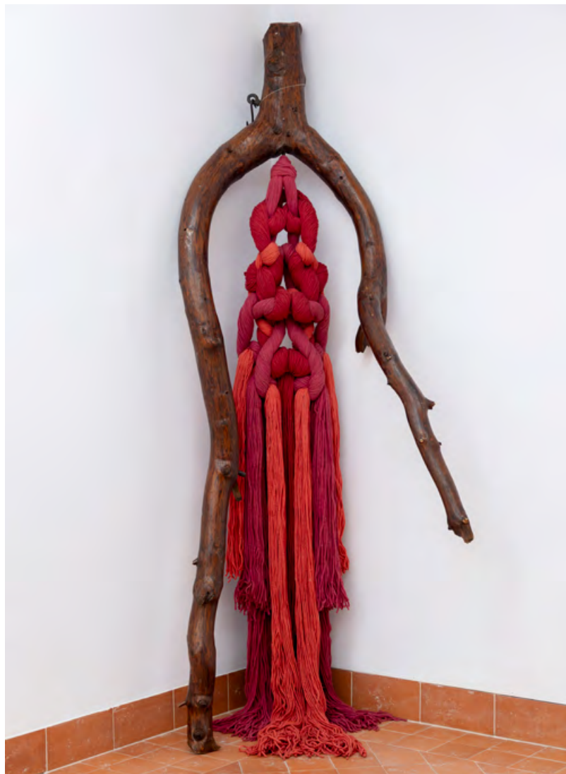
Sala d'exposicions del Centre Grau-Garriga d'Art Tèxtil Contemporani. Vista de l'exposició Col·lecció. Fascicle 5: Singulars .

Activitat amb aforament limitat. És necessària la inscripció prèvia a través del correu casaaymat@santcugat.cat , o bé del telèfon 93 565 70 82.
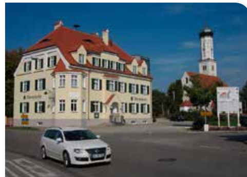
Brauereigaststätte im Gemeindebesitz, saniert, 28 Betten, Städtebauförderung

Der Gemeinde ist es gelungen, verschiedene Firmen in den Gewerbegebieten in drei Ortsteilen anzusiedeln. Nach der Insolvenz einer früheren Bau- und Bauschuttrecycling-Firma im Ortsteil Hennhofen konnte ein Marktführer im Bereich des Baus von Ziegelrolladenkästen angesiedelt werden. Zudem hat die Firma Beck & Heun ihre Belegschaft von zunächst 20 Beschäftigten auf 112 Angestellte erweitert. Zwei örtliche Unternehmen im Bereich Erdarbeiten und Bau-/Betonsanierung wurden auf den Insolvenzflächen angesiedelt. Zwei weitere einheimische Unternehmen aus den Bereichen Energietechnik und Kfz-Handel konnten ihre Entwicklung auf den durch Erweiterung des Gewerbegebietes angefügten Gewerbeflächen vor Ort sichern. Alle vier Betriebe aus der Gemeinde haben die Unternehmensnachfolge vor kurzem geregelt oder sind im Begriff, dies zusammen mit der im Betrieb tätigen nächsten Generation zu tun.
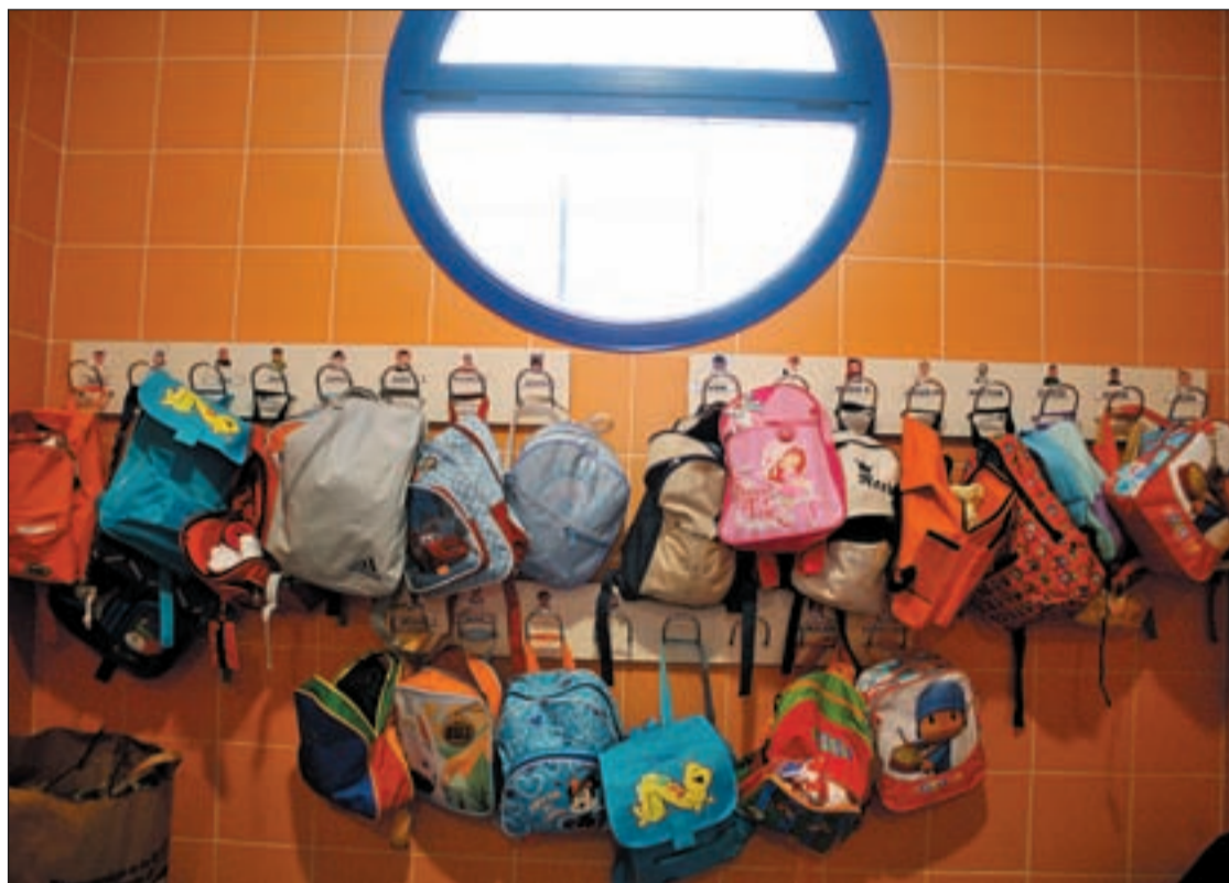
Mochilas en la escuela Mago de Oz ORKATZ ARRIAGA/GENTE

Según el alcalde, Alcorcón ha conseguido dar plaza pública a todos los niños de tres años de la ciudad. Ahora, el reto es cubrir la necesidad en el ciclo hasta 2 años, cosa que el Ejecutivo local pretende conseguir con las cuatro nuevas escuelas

==================================================

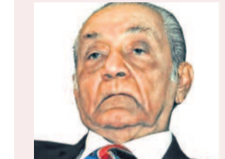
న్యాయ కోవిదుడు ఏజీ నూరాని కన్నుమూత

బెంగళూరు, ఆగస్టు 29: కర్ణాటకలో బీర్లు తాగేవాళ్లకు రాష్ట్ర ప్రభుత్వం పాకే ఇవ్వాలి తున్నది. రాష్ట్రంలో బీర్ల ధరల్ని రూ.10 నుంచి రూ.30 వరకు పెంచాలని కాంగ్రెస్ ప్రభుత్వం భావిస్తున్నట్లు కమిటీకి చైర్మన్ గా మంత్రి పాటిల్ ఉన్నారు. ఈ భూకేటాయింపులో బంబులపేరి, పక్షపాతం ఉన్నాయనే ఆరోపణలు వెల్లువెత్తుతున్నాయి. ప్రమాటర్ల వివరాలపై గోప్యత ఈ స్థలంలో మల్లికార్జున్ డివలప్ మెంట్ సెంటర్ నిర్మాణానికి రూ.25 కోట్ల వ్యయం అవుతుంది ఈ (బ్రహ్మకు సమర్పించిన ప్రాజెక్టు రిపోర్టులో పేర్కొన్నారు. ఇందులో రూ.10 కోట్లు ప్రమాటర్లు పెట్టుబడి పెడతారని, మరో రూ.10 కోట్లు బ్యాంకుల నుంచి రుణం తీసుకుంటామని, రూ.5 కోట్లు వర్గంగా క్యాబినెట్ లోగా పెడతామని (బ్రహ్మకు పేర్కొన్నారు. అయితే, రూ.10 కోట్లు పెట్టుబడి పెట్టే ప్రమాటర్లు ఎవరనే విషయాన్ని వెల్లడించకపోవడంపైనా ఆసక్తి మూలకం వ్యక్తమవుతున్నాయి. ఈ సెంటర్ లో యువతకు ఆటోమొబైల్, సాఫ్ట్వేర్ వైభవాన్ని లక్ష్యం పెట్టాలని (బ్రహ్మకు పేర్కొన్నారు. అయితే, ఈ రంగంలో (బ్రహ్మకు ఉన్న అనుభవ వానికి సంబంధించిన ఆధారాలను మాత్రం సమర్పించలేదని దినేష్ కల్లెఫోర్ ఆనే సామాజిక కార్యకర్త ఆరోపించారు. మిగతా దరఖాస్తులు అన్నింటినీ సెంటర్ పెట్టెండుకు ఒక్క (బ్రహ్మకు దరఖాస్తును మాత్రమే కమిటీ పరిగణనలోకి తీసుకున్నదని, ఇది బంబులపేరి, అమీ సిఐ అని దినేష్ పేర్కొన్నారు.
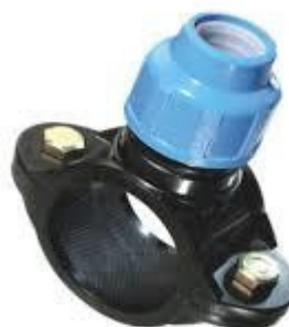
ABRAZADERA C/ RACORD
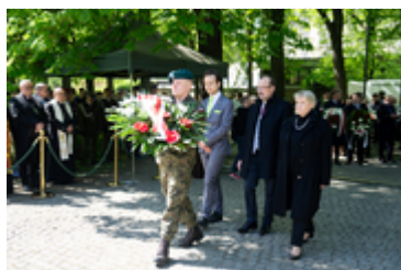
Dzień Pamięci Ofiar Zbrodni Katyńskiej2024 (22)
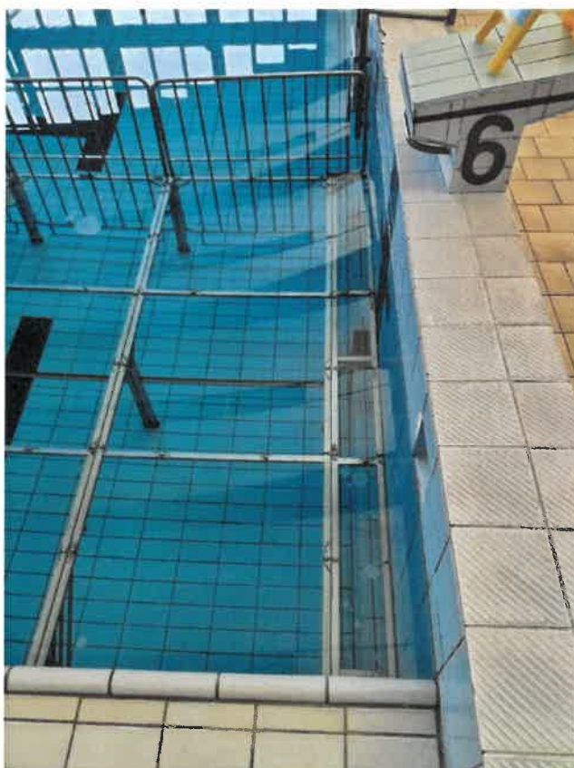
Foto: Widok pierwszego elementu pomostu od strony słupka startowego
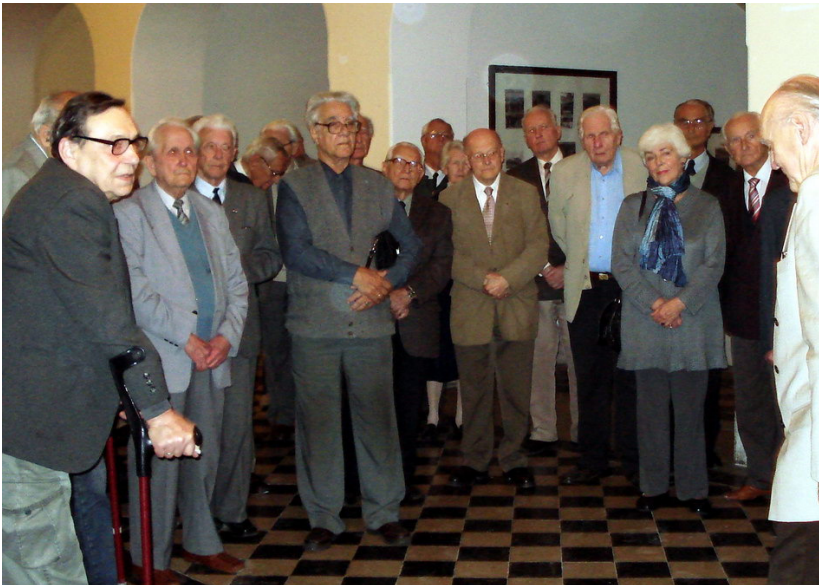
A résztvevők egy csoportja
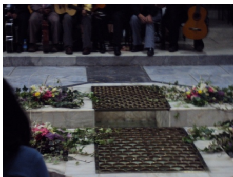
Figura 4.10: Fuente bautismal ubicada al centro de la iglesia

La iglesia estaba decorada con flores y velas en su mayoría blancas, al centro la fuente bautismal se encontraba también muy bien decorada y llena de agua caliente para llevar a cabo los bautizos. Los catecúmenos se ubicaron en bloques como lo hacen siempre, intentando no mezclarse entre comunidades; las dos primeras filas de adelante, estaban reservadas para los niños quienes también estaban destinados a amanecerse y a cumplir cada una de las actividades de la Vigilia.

==================================================

■ What you should do
Please state only the number of lines above that hold the string "centro".

■ Response to this task
2